The University of Utrecht scientists have uncovered a novel mechanism for how drugs eradicate antibiotic-resistant bacteria. Teixobactin, an antibiotic, kills bacteria by destroying their cell membrane and preventing the formation of their cell walls, according to research published in the peer-reviewed journal Nature. The new understandings might make it possible to create potent antibiotics that bacteria are less likely to acquire resistance to.

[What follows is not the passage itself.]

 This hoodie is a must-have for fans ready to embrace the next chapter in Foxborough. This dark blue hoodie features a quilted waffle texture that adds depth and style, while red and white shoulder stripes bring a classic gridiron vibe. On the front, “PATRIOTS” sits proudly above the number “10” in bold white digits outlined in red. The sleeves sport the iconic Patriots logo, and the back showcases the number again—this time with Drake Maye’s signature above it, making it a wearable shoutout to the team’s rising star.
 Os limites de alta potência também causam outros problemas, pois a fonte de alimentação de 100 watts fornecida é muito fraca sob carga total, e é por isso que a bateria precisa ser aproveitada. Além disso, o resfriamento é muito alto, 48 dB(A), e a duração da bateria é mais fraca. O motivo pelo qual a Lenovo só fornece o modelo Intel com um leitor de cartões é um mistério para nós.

One of the most often prescribed medications in the world, antibiotics are used to treat bacterial infections. They are essential in the fight against numerous diseases of the digestive and respiratory systems, as well as a number of skin problems. However, because the majority of antibiotic classes currently used in clinics have been around for roughly 50 years, bacteria have grown more resistant to antibiotics. The first novel antibiotic identified in about 40 years, teixobactin, was successfully isolated in 2015 by researchers from Boston, USA.
Antibiotics having innovative mechanisms are required to tackle antimicrobial resistance. Teixobactin is a new family of antibiotics lacking demonstrable resistance and a distinctive chemical structure. Teixobactin ingeniously solves the toxicity issue by only damaging membranes containing lipid II, lacking in eukaryotes.

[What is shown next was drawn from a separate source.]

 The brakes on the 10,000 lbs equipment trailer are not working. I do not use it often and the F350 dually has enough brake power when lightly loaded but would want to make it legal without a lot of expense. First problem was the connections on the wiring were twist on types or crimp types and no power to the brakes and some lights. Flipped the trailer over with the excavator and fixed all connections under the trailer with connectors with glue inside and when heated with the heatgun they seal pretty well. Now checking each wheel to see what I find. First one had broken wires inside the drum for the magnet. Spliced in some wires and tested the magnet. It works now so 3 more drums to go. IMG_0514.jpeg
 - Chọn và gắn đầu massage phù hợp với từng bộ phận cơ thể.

Teixobactin was produced by so-called “unculturable” bacteria, which do not flourish in standard laboratory settings, and it showed exceptional potency against bacterial infections without exhibiting any signs of resistance. Teixobactin’s mode of action in killing bacteria has not yet been determined. The ribosome is where most antibiotics bind. These antibiotics accomplish this by preventing the bacteria’s ability to produce proteins. Antibiotics can also prevent bacteria from producing peptidoglycan, which serves as their outermost layer of defense. It quickly became apparent that teixobactin also accomplishes this, though not in the same manner.
Unique killing mechanism
Seven years after its discovery, a large multinational team under the leadership of Associate Professor Markus Weingarth from the University of Utrecht has now uncovered the chemical mechanism by which teixobactin destroys bacteria. The group worked with the creators of teixobactin, Prof. Kim Lewis of Northeastern University in Boston and the company Novobiotic, and employed a number of cutting-edge structural biology approaches.

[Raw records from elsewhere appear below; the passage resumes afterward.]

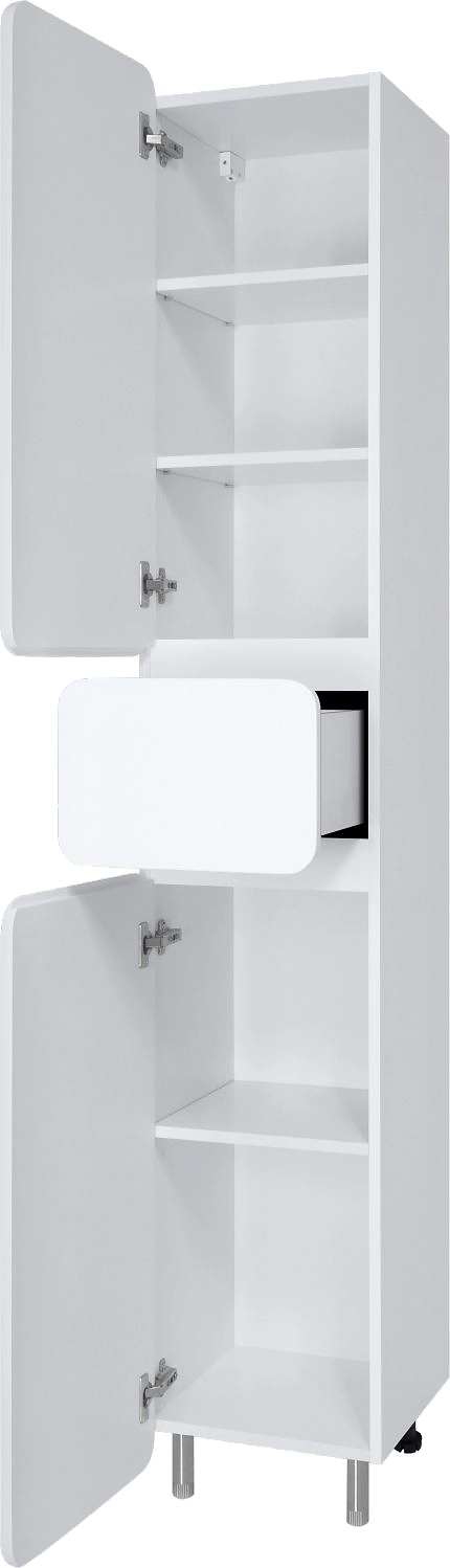 Пеналы в коллекции **Мисти Чегет** имеют ширину всего 35 см, что позволяет их устанавливать даже в небольших ванных комнатах. Мебель имеет два распашных фасада и один выдвижной ящик по центру. На выбор есть пеналы с левым и правым открыванием дверей.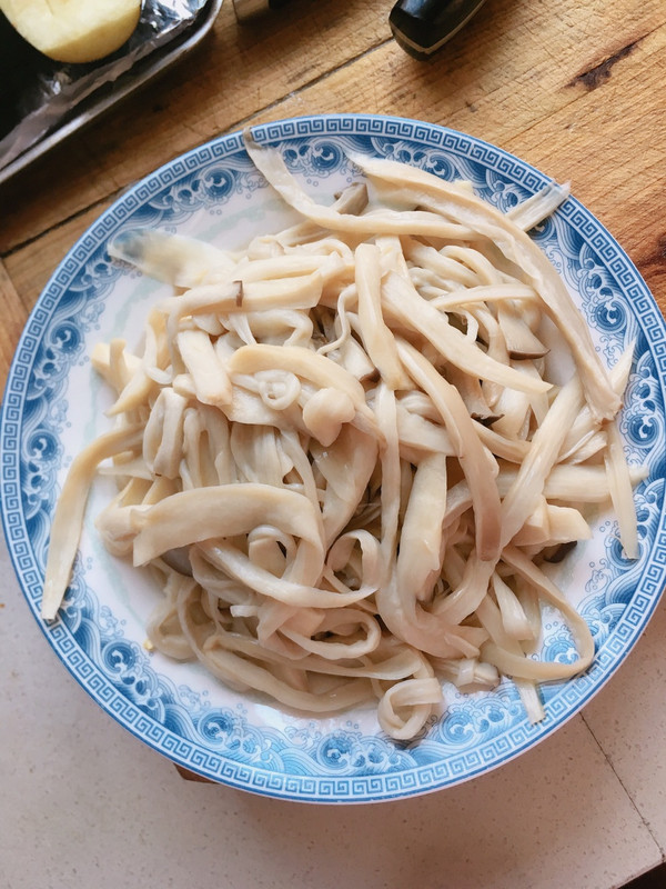 蒸好的杏鲍菇、待凉后手撕成条、捏干多余的水分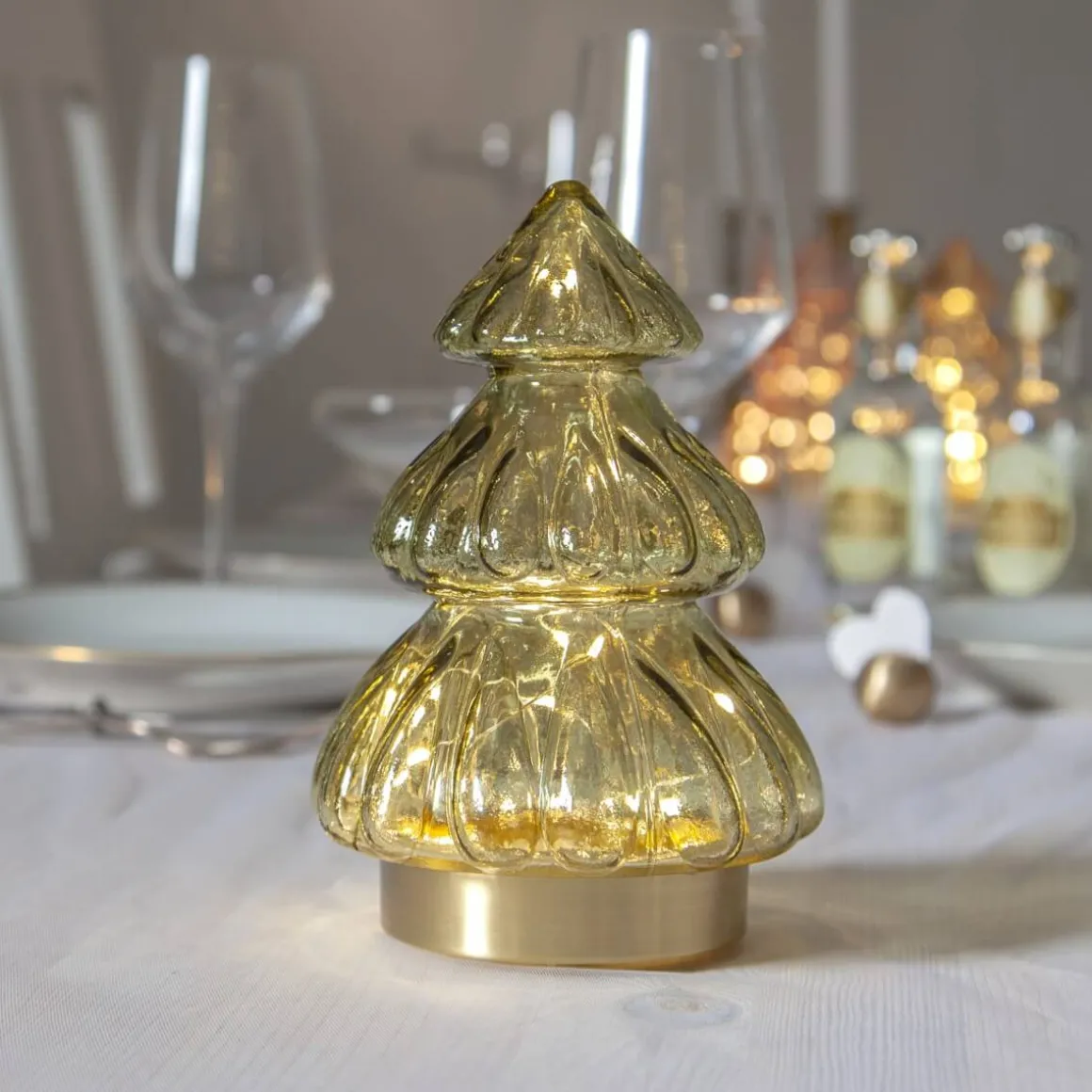 Så vacker bordsdekoration i form av en gran i transparent svagt grönfärgat glas. Guldfärgad bas som diskret gömmer batteriboxen. Abete drivs av 3 st AAA batterier och har självklart en inbyggd timerfunktion så att du lätt kan ställa in när du vill att den ska lysa. Perfekt som dekoration på det dukade julbordet. Batterier köpes separat.

Bacteria require a unique lipid called lipid II to create their protective envelope. The scientists demonstrate that teixobactin binds and sequesters lipid II at the atomic level. Then, on the membranes of bacteria, teixobactin and lipid II combine to produce lengthy fibrils. Gradually, this forms a valley in the cell membrane’s topography, which eventually degrades and harms the membrane. It turned out that the Utrecht scientists had discovered a biomolecular mechanism that had previously eluded science. It is a unique mechanism of killing.
Designing more potent drugs against certain respiratory diseases
The complex produced by teixobactin and lipid II at the atomic level in lipid membranes was solved by Weingarth and Ph.D. candidate Rhythm Shukla using a solid-state nuclear magnetic resonance (ssNMR) method. The scientists then used a variety of microscopy techniques to visualize the fibrils directly in bacteria and in membranes.
This effective technique is being used for the first time in this study to describe how membrane-active antibiotics function. It can be difficult to comprehend drugs that impact the cell membrane. Now, as the study reveals the mechanism of action of teixobactin, it will be sensible to develop more potent drugs against pneumonia, tuberculosis, or infections with MRSA bacteria. Resistance to the current antibiotics is a major issue for all of these respiratory disorders.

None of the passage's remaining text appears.